La mercenarisation de la pensée de la guerre, puis de la guerre elle-même, est donc inscrite dans l’histoire étatsunienne. Elle est alimentée par l’imagerie hollywoodienne qui présente, à côté de l’étalage de puissance technologique et numérique, le soldat en mission de commando dans des environnements toujours plus exotiques et toujours plus dangereux. Le soldat américain y fait son « job » et agit comme un mercenaire. On sera alors passé d’une armée du peuple, voire du peuple en arme, à une armée de professionnels, conséquence logique de l’idée d’une projection rapide dans le cadre d’une guerre préemptive de toute agression contre le territoire national. Car une telle guerre ne peut tenir longtemps dans un cadre de conscription, et pas seulement pour des raisons de haute technicité et de parfaite maîtrise du matériel : la patrie n’étant pas visiblement et immédiatement en danger, pourquoi aller mourir pour Dantzig ou se sacrifier à Kaboul ?

Même si les besoins considérables de turn-over en Orient imposent d’y envoyer sur place tout ce qu’il y a de disponible, le format théorique de l’armée américaine est bien aujourd’hui à deux vitesses : celui d’une armée domestique ou National Guard pour la sécurité du territoire, avec ou sans réservistes, et d’une « Légion Etrangère » sur-équipée (rôle que joue déjà le Marine Corps, armée dans l’armée), pour les opérations de police à l’extérieur. Encore faut-il bien comprendre ce que les Américains entendent par là. Les guerres en Irak, en Afghanistan, au Pakistan ou ailleurs ne sont pas des opérations de police internationale dans un monde globalisé dont les Etats-Unis porteraient le lourd fardeau et accepteraient le rôle du gendarme : elles sont des opérations délocalisées de police américaine pour la seule protection des intérêts américains et la quiétude des seuls citoyens américains. Et il en a toujours été ainsi dans les discours des présidents, de Wilson à Obama en passant par Truman et Bush : nous faisons la police à Berlin, Saigon, Bagdad ou Kaboul pour ne pas avoir à la faire à Little Rock, Saint-Louis, ou Bâton-Rouge. Mais c’est la même.

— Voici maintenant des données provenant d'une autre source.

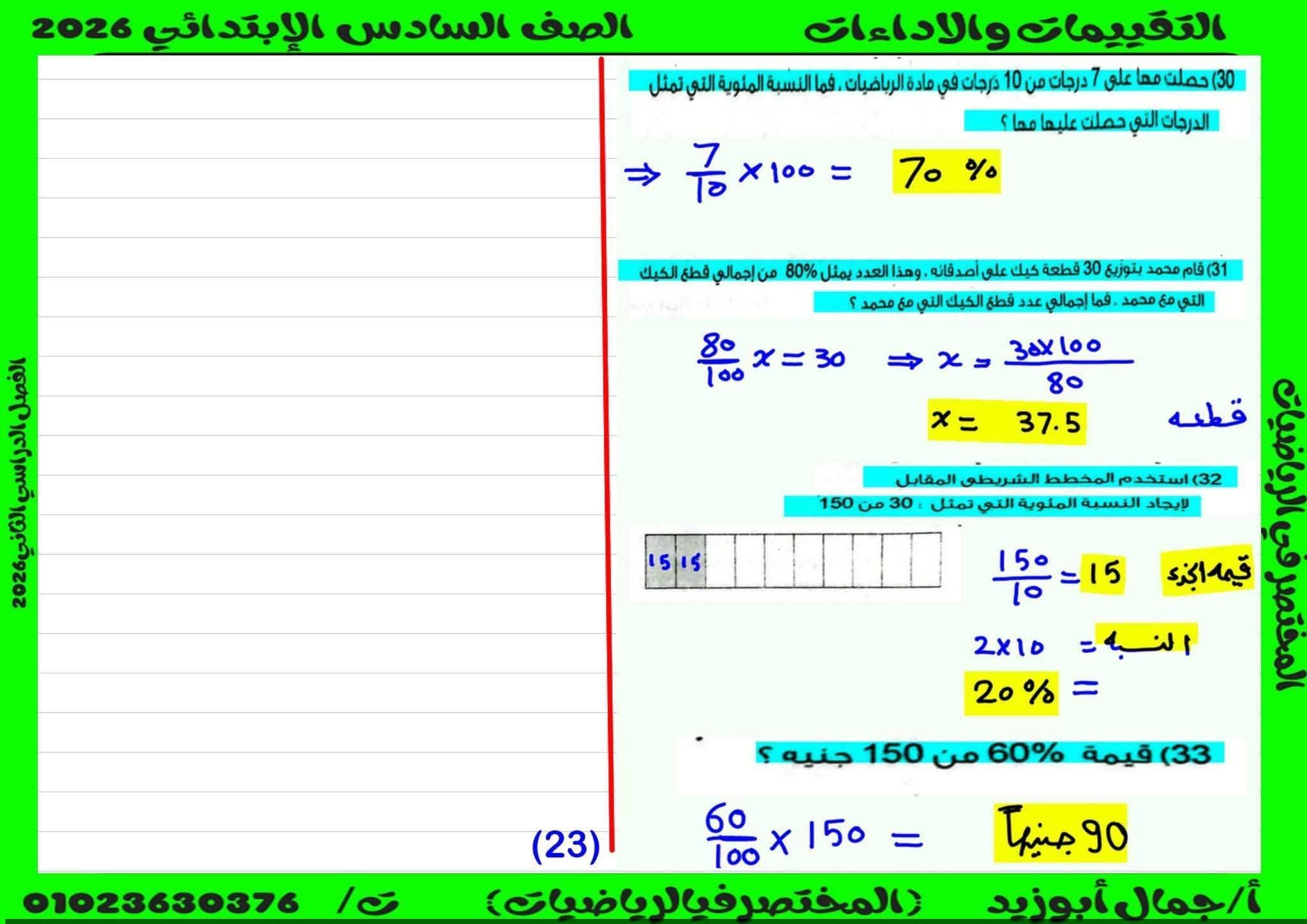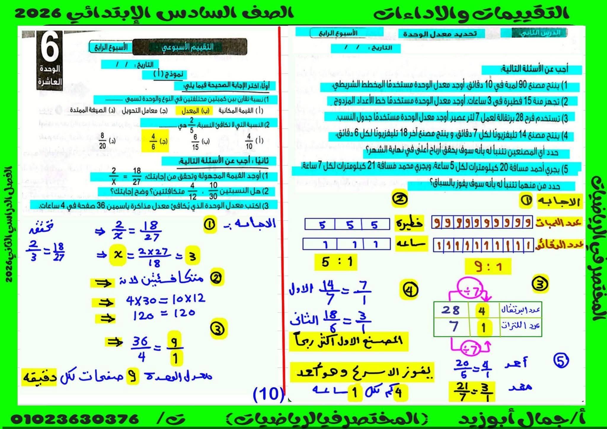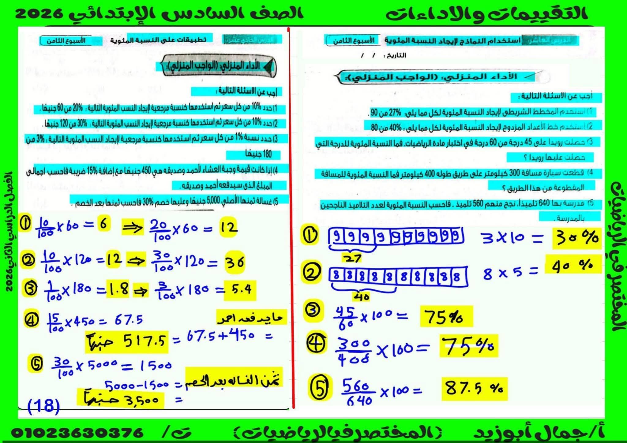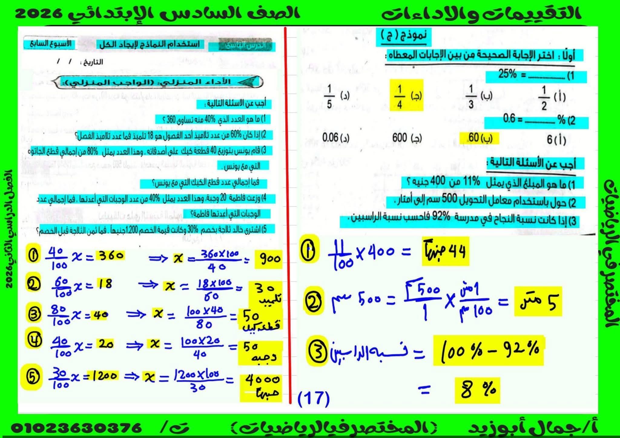 حل كتاب التقييمات للصف السادس الابتدائي رياضيات الترم الثاني كامل

Après la professionnalisation, entendue comme mercenarisation, vient une autre étape : la privatisation. Là encore nos armées d’ancien régime connaissaient le phénomène (les légions de Lauzun et Dillon, par exemple, lors de la guerre d’Indépendance américaine). Sauf que, et c’est un des grands mérites de l’ouvrage de Georges-Henri Bricet des Vallons que de le montrer, s’est entretemps greffée sur ce processus, pour lui donner un fondement idéologique, une théorie elle-aussi née du temps des rois : l’anarcho-capitalisme souvent nommé ultra ou néo-libéralisme – et on se demande pourquoi « néo » vu qu’il ne s’agit que des remugles des théories d’Adam Smith & Co.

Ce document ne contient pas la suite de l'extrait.